We can’t replicate these things exactly, but we can use a revamped version of the mid-C20 institutions as a starting point for a Green New Deal.
The breakdown of the Keynesian-social democratic moment in the late 1960s and early 1970s was largely the result of mistakes which were probably inevitable at the time, but may be avoided if we learn from them.
What went right
The strong growth in aggregate output from the late 1940s to the late 1970s primarily, though not entirely, reflected the fact that the economy moved from operating well below its technological potential to operating at or near the technological ‘frontier’.
The most important implication is that egalitarian economic policies and social institutions are conducive to good economic performance at an aggregate level. Here’s a list of some of the relevant policies (commenter TM at Crooked Timbe suggested most of these, and I’ve added some)
- Policy commitment to full employment – important for expectations
- Keynesian fiscal and monetary policy – helped in accelerating recovery from recessions
- Progressive taxation and New Deal welfare state – reduced inequality, and provided automatic stabilisation (as employment falls, tax revenue falls and spending rises)
- Strong unions (reduced inequality and constrained employer class from aggressive anti-worker policies)

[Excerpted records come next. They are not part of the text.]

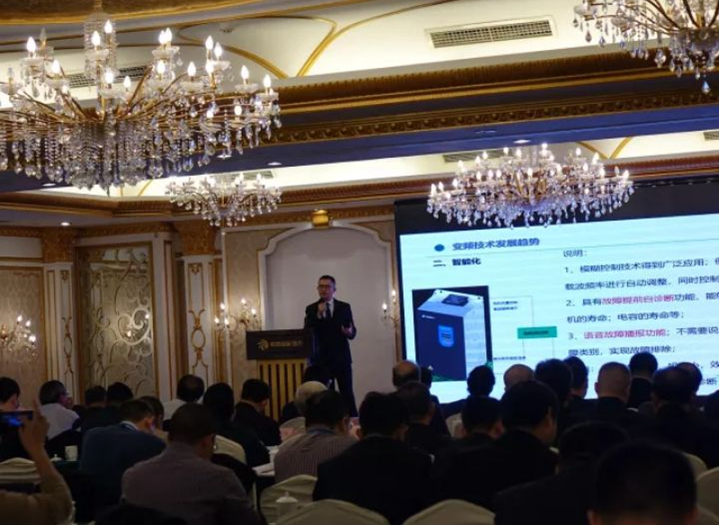 大陸希望集團機電版塊何建波總經(jīng)理致歡迎詞,希望森蘭被選為常務(wù)理事單位。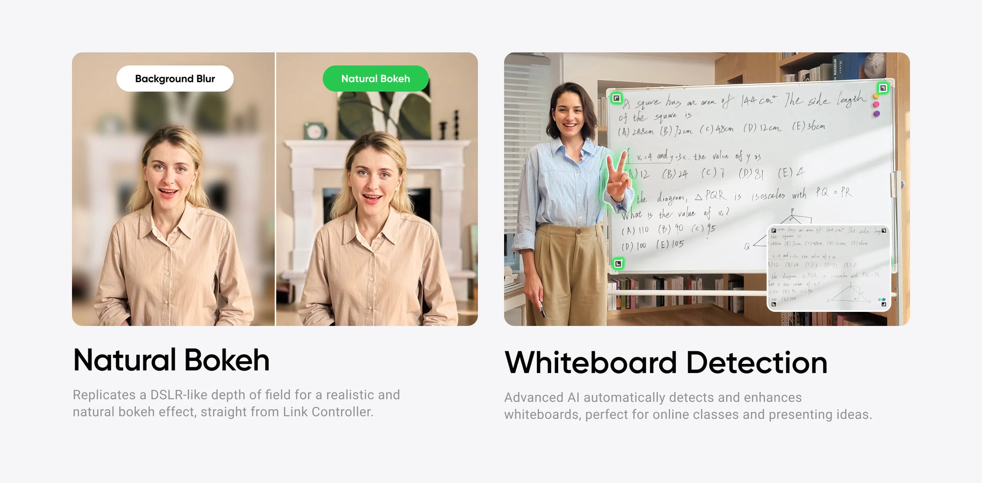 Natural Bokeh: Get a professional look by replicating a DSLR-like depth of field. Provides a realistic and natural bokeh effect, straight from Link Controller.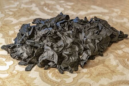 Big pile of thin blue medical latex gloves on light background. Disposable rubber medical gloves. Protective subjects. Remedies. Close-up. Selective focus. Copy space.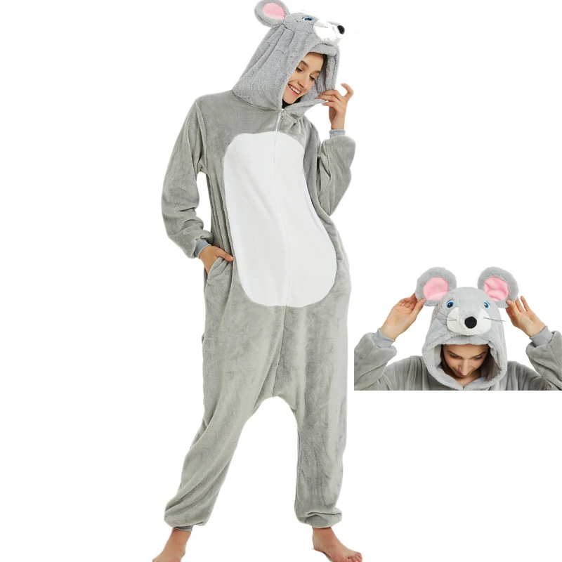 Женский Пижамный костюм Kigurumis Mouse, цельная фланелевая мягкая Пижама для взрослых, домашняя одежда, праздничный костюм для вечеринки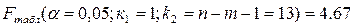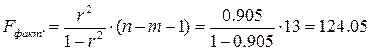Cвязь между y и факторами x 1 , x 3 характеризуется как тесная, т. к. значение индекса множественной корреляции близко к 1. Коэффициент множественной детерминации: R 2 yx 1 x 3 =(0.941)2 =0.886 Т. е. данная модель объясняет 88,6% вариации y , на долю неучтенных в модели факторов приходится 100-88,6=11,4% Оценим значимость полученного уравнения регрессии с помощью F -критерия Фишера: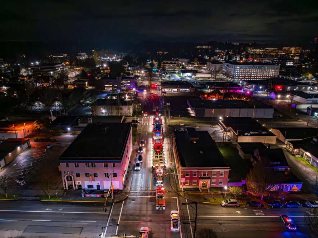 Working closely with local, state, and county agencies, the team mapped a 45-mile route through the I-5 Corridor. Despite initial concerns at the Port of Olympia, Barnhart’s Los Angeles team developed a unique solution—backing the trailer 1.5 miles, removing one tree, and navigating a residential area to reach I-5.

- Public investment and expanded public provision of services – reduced dependence on business confidence
- Broad access to education at low cost, necessary to achieve productive potential of the economy
- Low capital mobility and financial repression – kept power of financial capital in check, avoided waste of resources in financial sector
What went wrong
The breakdown of the Golden Age can be traced to a combination of
- Hubris on the part of the technocratic policy elite, reflecting in a belief in their ability to ‘fine tune’ the economy, and to run the War on Poverty and the Vietnam War at the same time
- Mistaken belief on the left that the US and the world were approaching a revolution and that impossibilist demands (particularly, but not exclusively in relation to wages and conditions) could help to bring this about
- The rapid but unrecognised growth in the power and global mobility of financial capital arising from the end of international capital controls and domestic financial repression
Around 1970, these factors combined to produce an inflationary outburst which, in a context of capital mobility brought about the end of the Bretton Woods system of fixed exchange rates (the residual role of the gold standard played an important technical role here). This in turn produced more financial deregulation and more volatility leading to an escalating crisis.
Developments in ideas were also important. Friedman and the Chicago school had correctly predicted the inflationary consequences of policies pursued by Keynesian technocrats in the 1960s, and therefore was well positioned to replace them as guides to both macroeconomic and microeconomic policy. Even though the policies did not restore the strong and egalitarian growth of the Golden Age, they were highly beneficial to the financial sector which rapidly achieved sufficient political and economic dominance to ensure that its wishes prevailed.
What didn’t matter
The 1973 oil shock is often seen as central to this story, but it occurred well after the critical events, including the breakdown of Bretton Woods and the failure of wage-price controls. It was a late development in a general upsurge in commodity prices. More broadly, the idea that the pre-1973 period was one of cheap and abundant energy compared to subsequent decades is only true for oil, which became steadily less important in economic terms after 1973, despite being a continuing focus of geopolitics. Prices and production for coal, natural gas and electricity followed different paths.